» SUPPLIED INFORMATION:
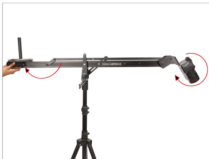
For lower Angle
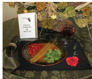
An evening of murder and mystery— who “killed” Pepi Roni?

During the mystery, patrons sipped wine and dined on a four course Italian dinner. The well-attended event and its silent auction raised more than $3400, which will be used as matching funds for the Foundation’s grant from the Rural Maryland Council, supporting the Foundation’s spring environmental education program.
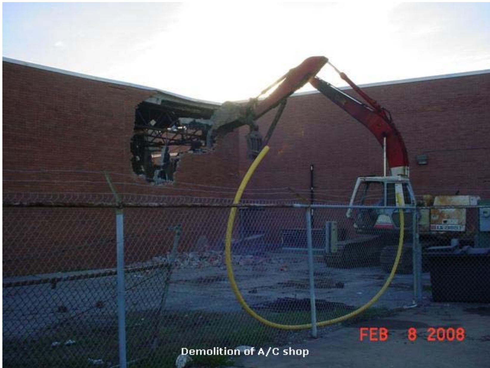
Demolition of A/C shop

» ACTION ITEM: Quote the material word for word, dropping any images it holds.

» RESPONSE BOX:
For lower Angle
An evening of murder and mystery— who “killed” Pepi Roni?

During the mystery, patrons sipped wine and dined on a four course Italian dinner. The well-attended event and its silent auction raised more than $3400, which will be used as matching funds for the Foundation’s grant from the Rural Maryland Council, supporting the Foundation’s spring environmental education program.
Demolition of A/C shop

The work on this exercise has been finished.